PI-273, a Substrate-Competitive, Specific Small-Molecule Inhibitor of PI4KIIα, Inhibits the Growth of Breast Cancer Cells

While phosphatidylinositol 4-kinase (PI4KII alpha) has been identified as a potential target for antitumor therapy, the clinical applications of PI4KII alpha are limited by a lack of specific inhibitors. Here we report the first small-molecule inhibitor (SMI) of human PI4KII alpha. Docking-based and ligand-based virtual screening strategies were first employed to identify promising hits, followed by two rounds of kinase activity inhibition validation. 2-(3-(4-Chlorobenzoyl) thioureido)-4-ethyl-5-methylthiophene-3-carboxamide (PI-273) exhibited the greatest inhibitory effect on PI4KII alpha kinase activity (IC50 = 0.47 mmol/L) and suppressed cell proliferation.
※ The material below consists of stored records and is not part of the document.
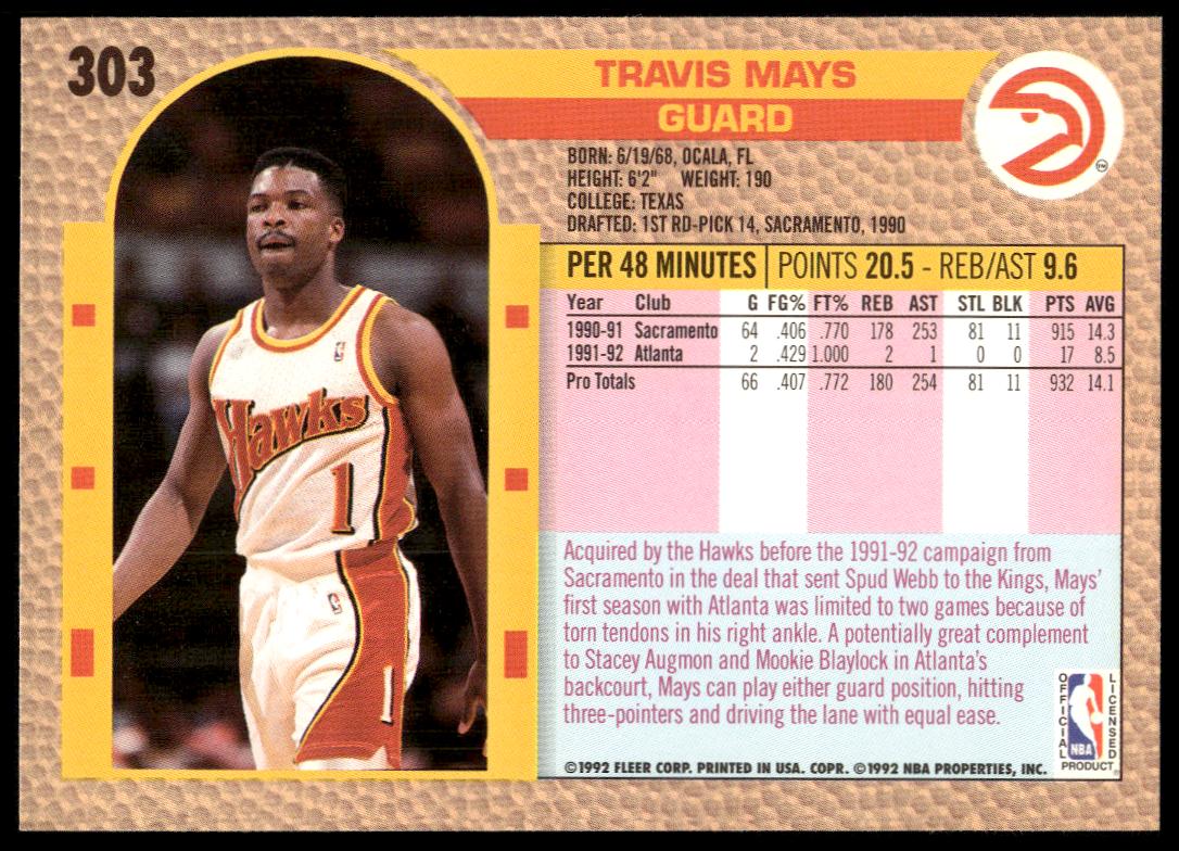 This Basketball card, from 1992-93 is part of the Fleer  card set. Travis Mays is featured and has a card number of 303.
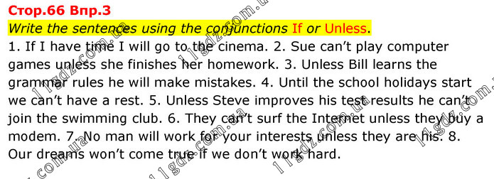 Write the sentences using the conjunctions If or Unless. 1. If I have time I will go to the cinema. 2. Sue can’t play computer games unless she finishes her homework. 3. Unless Bill learns the grammar rules he will make mistakes. 4. Until the school holidays start we can’t have a rest. 5. Unless Steve improves his test results he can’t join the swimming club. 6. They can’t surf the Internet unless they buy a modem. 7. No man will work for your interests unless they are his. 8. Our dreams won’t come true if we don’t work hard.
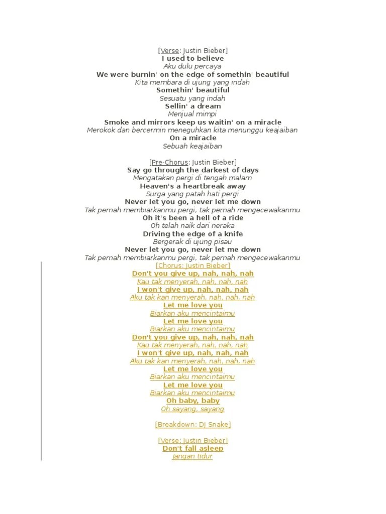Arti Lirik Let Me Love You / Dj Snake Let Me Love You Ft Justin Bieber Video Lirik Dan Terjemahan Bahasa Indonesia Youtube / Lagu ini kembali viral digandrungi oleh banyak orang terutama kaum milenial.
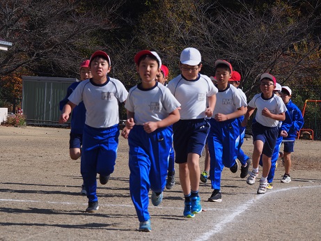 2017年11月10日 15時08分 11月9日(木)校内マラソン大会を実施致しました。風が強く、寒かったため、低中高のブロックごとの開催となりました。9月より朝や体育の時間に、校内マラソン大会のために練習をしてきた成果が各自自己ベストタイムを出すなどに表れていたようです。1・2年生は1000m、3・4年生は1500m、5・6年生は2000mの距離で競いました。5・6年生の2000mでは新記録が出ました。
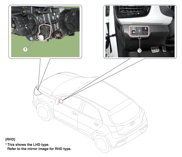 Description and operation Description The mode control actuator is located at the heater unit. It adjusts position of mode door by operating mode control actuator based on signal of A/C control unit. Pressing mode select switch makes the mode control actuator shift in order of Vent → Bi-Level → Floor → Mix.

Surface plasmon resonance and thermal shift assays indicated that PI-273 interacted directly with PI4KII alpha. Kinetic analysis identified PI-273 as a reversible competitive inhibitor with respect to the substrate phosphatidylinositol (PI), which contrasted with most other PI kinase inhibitors that bind the ATP binding site. PI-273 reduced PI4P content, cell viability, and AKT signaling in wild typeMCF-7 cells, but not in PI4KII alpha knockout MCF-7 cells, indicating that PI-273 is highly selective for PI4KII alpha. Mutant analysis revealed a role of palmitoylation insertion in the selectivity of PI-273 for PI4KII alpha. In addition, PI-273 treatment retarded cell proliferation by blocking cells in G(2)-M, inducing cell apoptosis and suppressing colony-forming ability. Importantly, PI-273 significantly inhibited MCF-7 cell-induced breast tumor growth without toxicity. PI-273 is the first substrate-competitive, subtype-specific inhibitor of PI4KII alpha, the use of which will facilitate evaluations of PI4KII alpha as a cancer therapeutic target. (C) 2017 AACR.